Il a déclaré que ce type d'attitude se retrouve également dans les médias publics, ce qui est regrettable, rappelant donc à tous, concernés ou non, que des règles régissent le fonctionnement des sociétés et qu'elles doivent être respectées.
De son côté, Francisco José, intervenant sur le thème « Éducation aux médias : Intégrité de l'information et discours de haine dans les médias traditionnels et les réseaux sociaux », a estimé que l'intégrité de l'information est compromise, par conséquent, les professionnels du secteur doivent agir avec impartialité afin de contribuer à cette intégrité.

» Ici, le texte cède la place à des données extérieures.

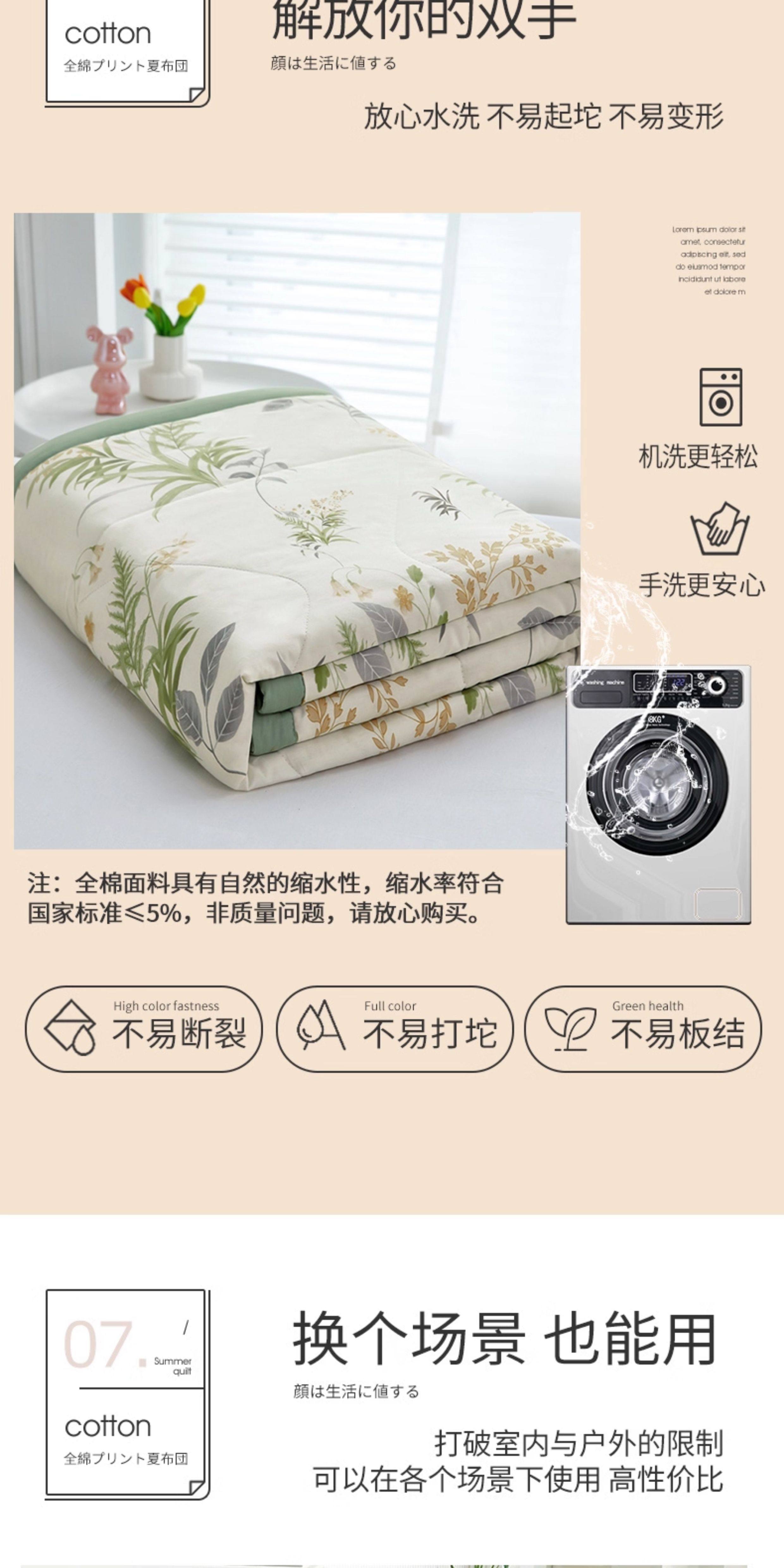 Class a All-Cotton Summer Quilt, Air-Conditioning Quilt, Summer Cooling Quilt, 100% Double-Sided Pure Cotton Thin Quilt, Single-Person Summer Quilt Core, Cotton Quilt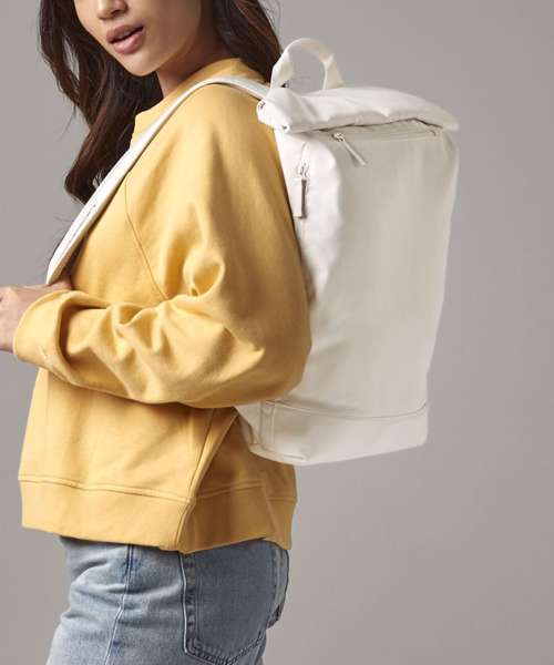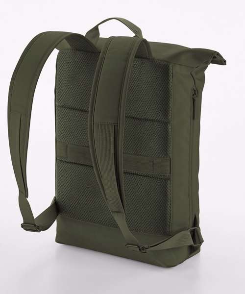 Contains 100% certified recycled polyester. Water-repellent fabric. Minimalist styling. Magnetic roll-top closure. Water-repellent coating. Padded laptop/tablet compartment compatible up to 11". External bottle pocket. Zipped side pocket for bottle/umbrella. Exterior zipped front pocket for easy decoration. Internal pockets. Internal slip pocket. Padded air mesh back panel. PU, self-coloured zip pulls. Rear luggage strap. Padded, adjustable mesh shoulder straps. TearAway label for ease of rebranding.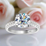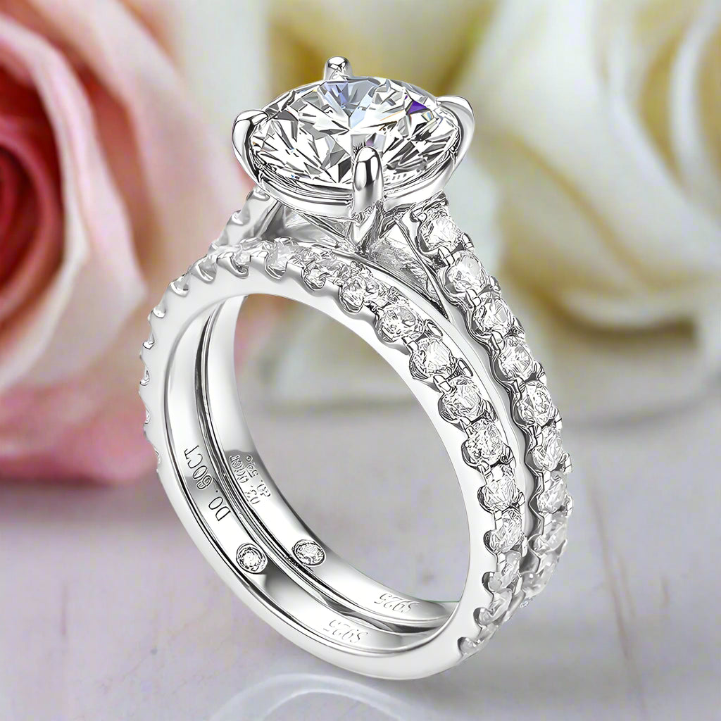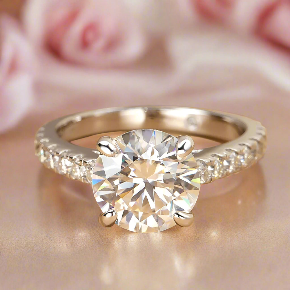 Elevate your engagement with our 3.0 Ct Round Certified Moissanite Diamond Engagement Ring Set from Black Diamonds New York. This eye-catching set boasts a stunning round cut moissanite stone that exudes elegance and charm. The 925 silver base, dipped 5x in 18k gold gives this ring set a high quality finish without the hefty price tag. Get ready to dazzle with this sparkly and captivating piece that will leave everyone in awe.
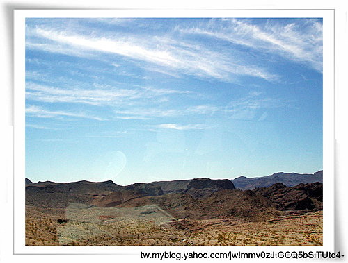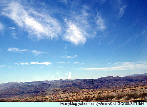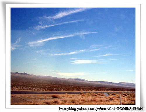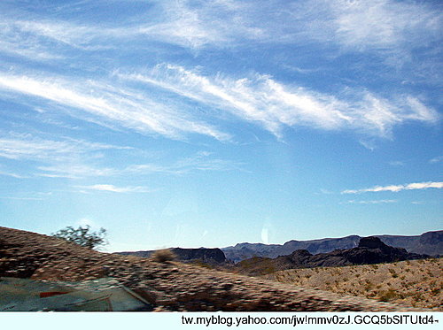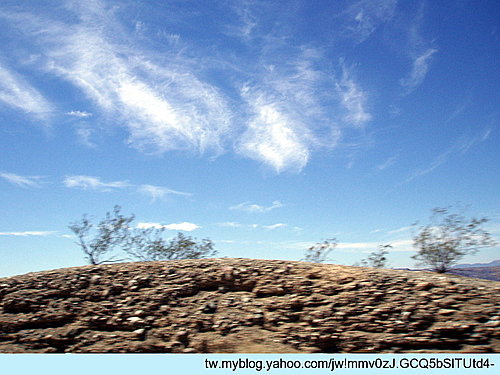 美國真得很大,我們開了好久,眼見的一直是偶爾出現的仙人掌、約書亞樹和野草點綴著光禿禿的山巒和一望無際的沙漠,令人昏昏欲睡。筆直的道路,上上下下的坡段,再加上時速有時近90英哩 (144公里),彷彿在開虛擬實境裡的賽車。但是,當New寶媽一瞥見偶爾出現、插在路旁的小型白色十字架 (不知是不是發生過死忙車禍?),就猛然一驚,提醒自己絕不可以睡著,也向主耶穌禱告,要平安地完成旅途。公路邊緣的路面有一條特殊帶狀壓紋,若車子稍微偏離車道,車輪與壓紋摩擦的"咚咚"聲就會嚇醒駕駛人。

Il a également souligné l'importance de promouvoir un journalisme sérieux, éthique et créatif, en se démarquant de la diffusion de fausses informations et de discours de haine dans les médias traditionnels et les réseaux sociaux.
Par ailleurs, l'intervenant s'est inquiété de la vague de production de fausses informations et de la prolifération des discours de haine dans le pays, notamment sur les réseaux sociaux, où il est devenu facile de diffuser des messages, compromettant ainsi l'intégrité de l'information.
Il a insisté sur le fait que, malgré les politiques de lutte mises en place par le gouvernement angolais, celles-ci ne suffisent pas, avertissant donc les citoyens à être de plus en plus attentifs au partage de contenu, car la négligence peut avoir des conséquences dramatiques.
Il a exhorté les participants à diffuser les connaissances acquises auprès d'autres citoyens afin de sensibiliser la population à la problématique abordée.
Le séminaire a réuni des journalistes de divers médias publics et privés, des directeurs municipaux de la communication institutionnelle et de la presse des 14 municipalités de Lunda-Sul, des techniciens des agences de défense et de sécurité, et bien d'autres.
Des réunions de ce type ont déjà eu lieu dans les provinces de Huambo, Benguela et Lunda-Sul. La semaine prochaine, ce sera au tour de Huíla et Bengo.
En août, une table ronde se tiendra à Luanda, la capitale, pour discuter du même sujet avec différents acteurs de la société civile.